Illinois does allow for same-day voter registration, and that process is usually rather simple, but there are a few basic requirements that help election authorities confirm voters are who they claim to be.

According to Sangamon County election records, Budzinksi, who voted in Chicago for each of the last five elections, attempted to register to vote at an apartment in Springfield a few days before she announced her campaign to run for Congress back in August. However, when the clerk’s office sent a voter identification notice to her listed apartment address, it came back “undeliverable.”

A follow-up letter from Sangamon County Clerk Don Gray’s office warned Budzinski to fill out her accurate residency information and submit it before a deadline of September 16th in order to avoid her registration being canceled. Suspended voter registrations are only canceled and removed from the voter rolls after two federal election cycles, a process that wouldn’t actually have taken place for another three years. However, until a voter clarifies their status, they are not allowed to vote while their registration is suspended.

“We’re required to send out a voter identification card, and a part of the securities and protection of voter registration lies within that card being delivered,” Gray explained. “If it’s delivered to the address, the assumption is that the person that registered to vote was at the proper address. If it is returned to our office, because it’s an unforwardable piece of mail, it starts a process of suspension.”

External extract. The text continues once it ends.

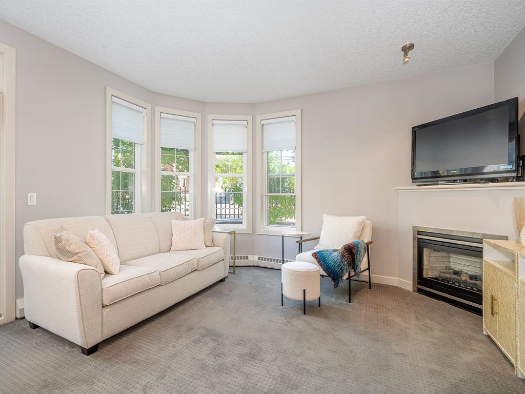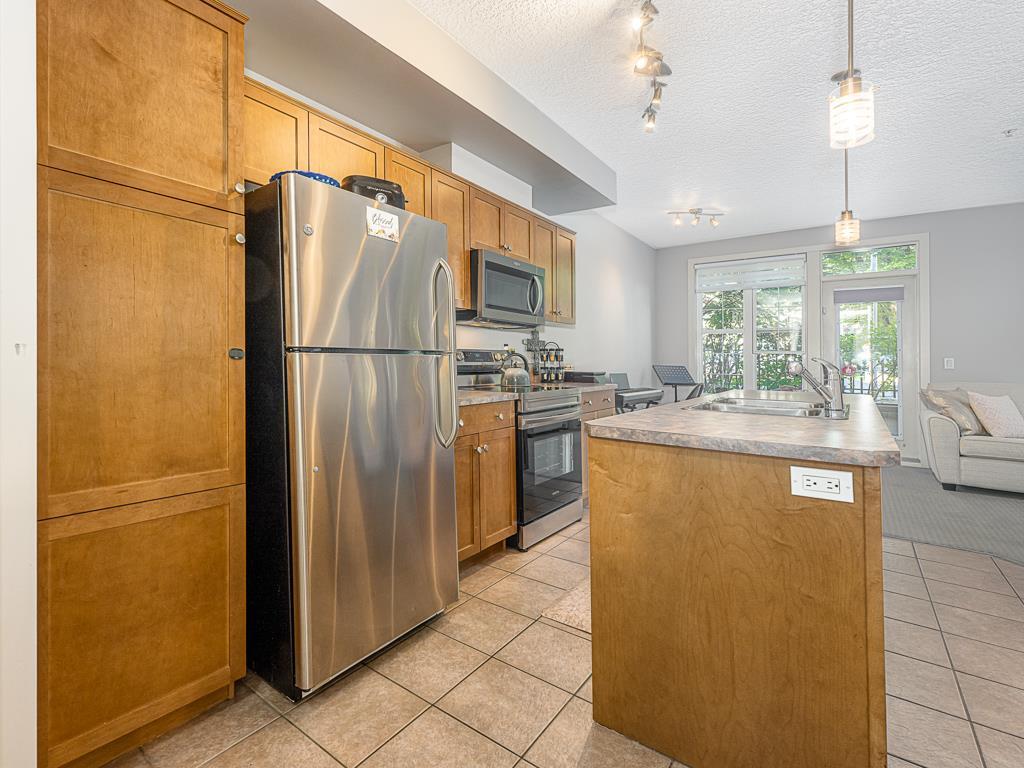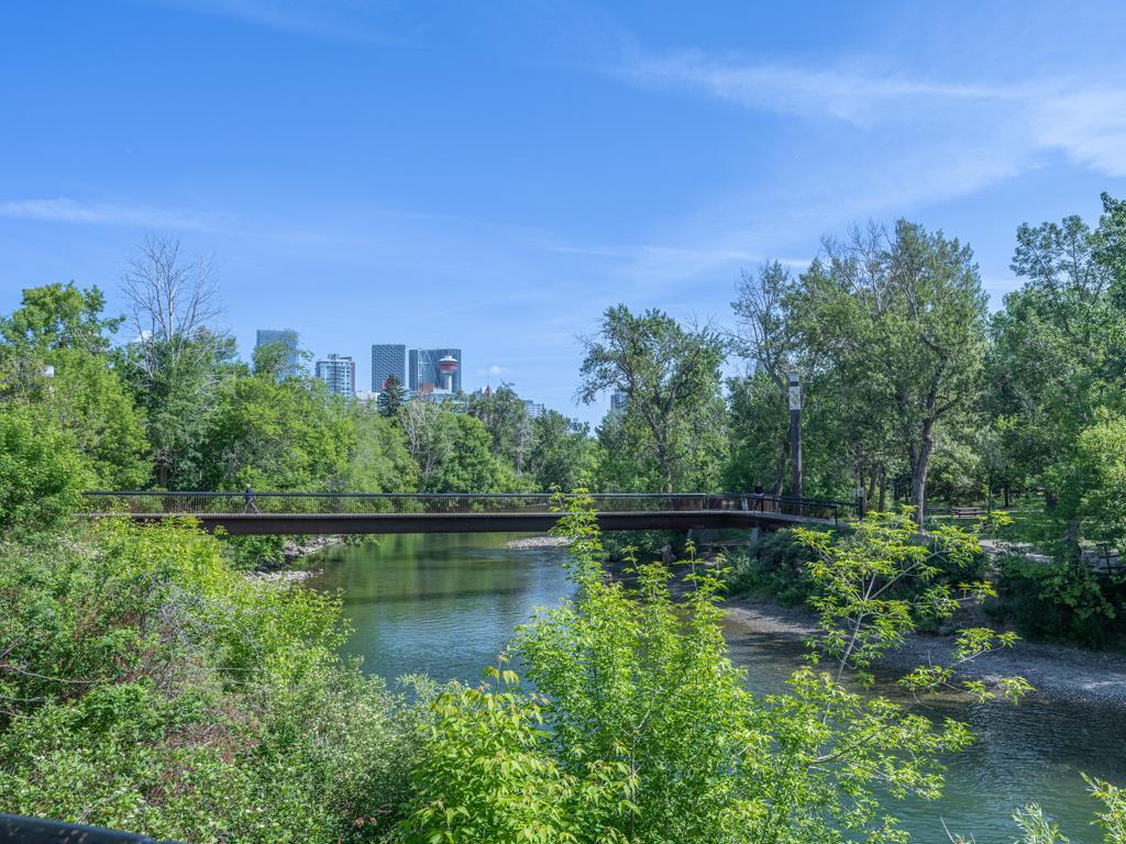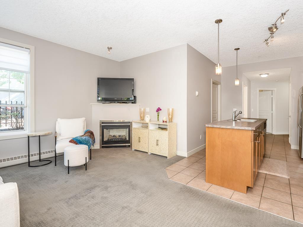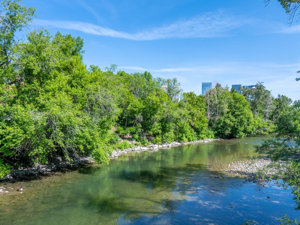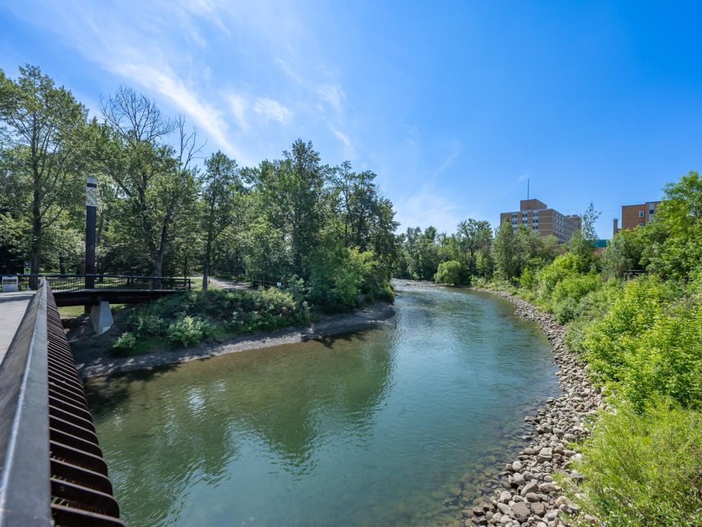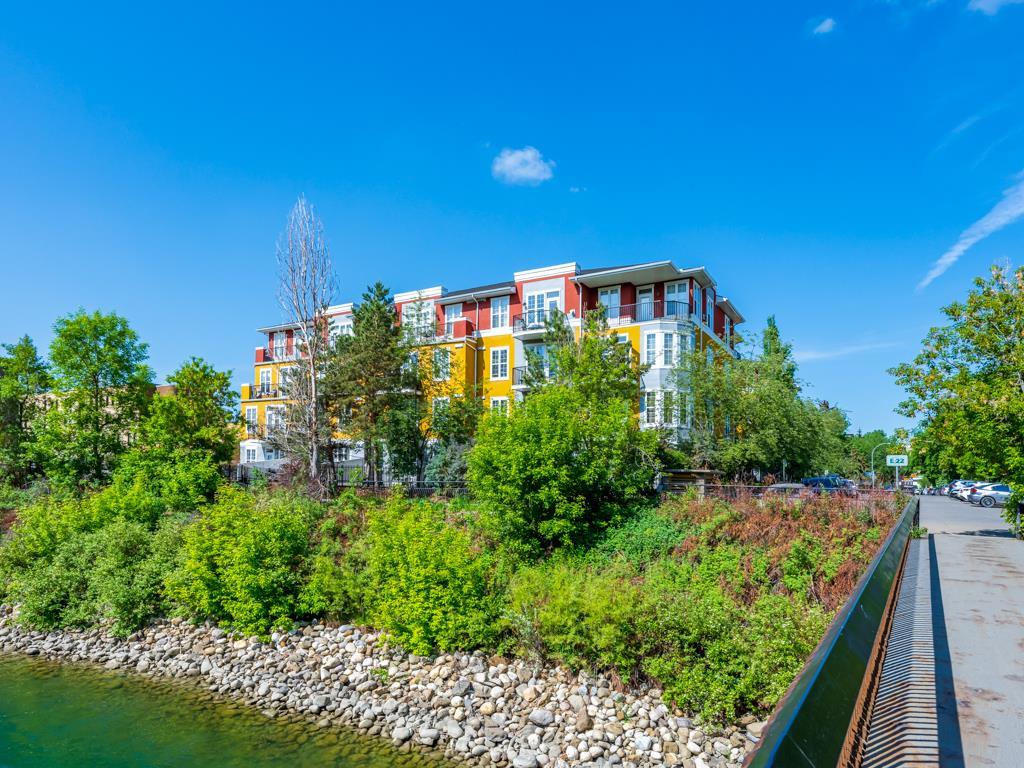 Fantastic ONE BEDROOM AND A DEN (OR SECOND BEDROOM) CORNER UNIT with TWO BATHROOMS and TITLED UNDERGROUND parking stall in the sought-after Elements of Mission building perched on the banks of the Elbow River. This amazing location is only blocks from the downtown core, steps from the trendy restaurants and shops found along both 4 Street and 17 Avenue and only moments from schools and parks. The river and its pathways are at your doorstep and a footbridge affords easy access to Lindsay Park and the MNP Community and Sports Center, truly the ultimate location. The unit offers flexibility with access from within the building or direct access from the street via a spacious west-facing private wrap-around patio which is ideal for entertaining or relaxing. The open-concept floor plan boasts a spacious living room with large windows allowing for loads of natural light and is accented by a corner gas fireplace. The adjacent dining room or flex space leads to the kitchen. The kitchen showcases stainless steel appliances, tiled floor and an island. The primary bedroom has both a walk-in closet and a four-piece ensuite bathroom. The den or second bedroom sits next to the second bathroom. The unit offers 9ft ceilings, in-suite laundry and a large in-suite storage room. One of the largest floorplans in the building and in fantastic condition, a fabulous unit in the ultimate location. (id:22211)

Cook County property tax records show that Budzinski owned a home in Chicago while she worked as a senior advisor to Governor Pritzker. She left that role in February of last year and later moved to Washington, D.C., to work as the chief of staff in President Biden’s Office of Management and Budget, though she continued casting ballots in Cook County.

No one answered a knock at the door at the apartment Budzinski listed on her voter registration. Could the Postal Service still return something as “undeliverable” if the person actually lived at that address?

“Well, it wouldn’t be if they live there,” Gray said.

As of 3 p.m. on Wednesday afternoon, Budzinski’s voter registration was still listed as suspended, more than six weeks after the county’s deadline for her to correct the error. However, as soon as her campaign became aware that reporters were asking about her suspended voter registration status, she promptly went into the county building and provided documents to show that she’s in the process of buying a home in Springfield. Later on Wednesday night, the clerk’s office confirmed that she had indeed come in just before the end of the day to update her voter registration.

“Nikki owns a home in Springfield and is registered to vote there,” campaign manager Josh Roesch clarified hours after the suspended registration was brought to his attention.

Records filed with the Sangamon County Assessor’s office show that Budzinski is the pending owner of a home in Springfield after a new transaction last month.

Her recent arrival in town has already drawn criticism from her Democratic primary opponent, David Palmer, a former Iowa Hawkeyes basketball player who now works as a financial advisor in Champaign.

“You have to run for the district,” Palmer said, “and it would help if you lived here to be able to do that.”

Palmer called it “a strange scenario to be trying to represent a constituency [where] you can’t participate in the voting process.”

“I think that voters are looking for someone new and fresh,” he said.

“I think they want someone who understands the local issues, who’s been here, who’s dealt with them,” he said. “I’m not visiting for the first time in 15, 20 years. I’ve been living here. I raised my my children here.”

The 2022 primary is scheduled for June 28th. The newly drawn 13th Congressional District includes a greater share of Democratic voters, and it does not include U.S. Rep. Rodney Davis’ hometown of Taylorville.

“It’s pretty easy to figure out,” Rep. Tim Butler (R-Springfield) said on the Illinois House floor last week during a debate over redistricting.

“You have a high ranking former member of the governor’s administration who’s decided to move back to Springfield — I don’t know if she’s actually ever lived in Springfield — and run for Congress and announced against a guy who got thrown out of that district,” Butler said, referring to Congressman Davis.

Davis, a five-term incumbent Republican, has not announced whether he will run in the new 15th District where he resides now, if he might seek to run for a sixth consecutive term in the same 13th District, or if he might jump into the primary race to run for Governor. Davis said he’ll announce his official plans after Governor Pritzker signs the new Congressional redistricting map into law.